In the globalisers' campaign against these mounting reactions propaganda now being spread by the nuclear class hopes to win the young to the idea that anti-nuclear activity is no longer relevant as stability has been achieved and the nuclear threat, except for the demonised rogue states no longer exists to any great degree. Anti-nuclearism is being depicted as boring and passe. This is the new battle for the hearts and minds of the young generation. It issues us with the challenge to go back to the ideals on which opposition to the evils of nuclearism first indignantly arose.
Yet at the same time as this line is being sold to the young the new SDI proposals are proffered without the twitch of an eyelid, so confident are the nuclear class that they can manipulate public opinion. And thus now arises the reality once again of the clash of empires clearly evidenced in the profound disquiet of the G7 interests.

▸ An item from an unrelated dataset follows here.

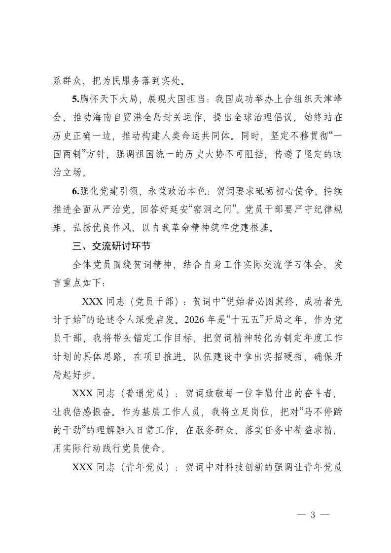标题:2026年1月党员大会专题学习习近平总书记二二六年新年贺词会议记录

Governments, unless they are morally committed to disarmament, will only respond to public pressure exercised through the ballot box. Through the constant raising of public awareness by the multiplicity of techniques we all now so readily recognise and are capable of implementing, it is completely, utterly, and entirely possible to establish anti-nuclearism as public policy, rendering it untouchable by pro-nuclearist forces. We have done so in New Zealand, and before it was decided by the nuclear powers to distabilise the South Pacific we were on the verge of establishing a true nuclear free zone throughout the South Pacific.

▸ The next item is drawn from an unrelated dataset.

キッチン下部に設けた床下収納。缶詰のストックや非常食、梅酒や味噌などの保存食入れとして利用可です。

Every region has its problems, the South Pacific especially so at the moment. The inflow of arms needs international examination, as does the overthrow of democratic government in Fiji and the Solomons, and the threats to Vanuatu. The transit of nuclear waste demands, as does the transit of nuclear-armed vessels, a revision and reformation of the UN's basic Nuclear Free Zone concept as also of the Treaty of Rarotonga, which was originally emasculated by Australian Prime Minister Hawke to propitiate US interests.
I mention these regional matters simply to illustrate the need for peace movements to have great care against merely being reactive against an agenda prepared by the foes of anti-nuclear peace, a failing to which we can become prone in the belief that any movement is capable of being construed as progress, whereas movement can also be backwards.
The first objective then, must surely be to demand the immediate start on a Treaty to Abolish Nuclear Weapons, notwithstanding that diplomats tell us that it is not feasible in the present climate. So we the ordinary people have the duty, the power and the responsibility, after fifty-five years, to change the climate. By bringing our governments to require the U.N. to enforce its Resolution No. 1, there cannot be the slightest doubt that we will have started along the pathway towards restoring life to world organisation, and to playing our part in creating a true family of Man, and of finally establishing right order in human society, that Nirvana devoutly to be wished.
Let us tell our people, our political representatives, our governments,
and the United Nations, the fundamental truth stated by British historian
A.J.P. Taylor, that every citizen of a free country has a duty to help
rid the world of nuclear weapons and that no country, no political system,
is entitled to employ mass murder in order to maintain itself.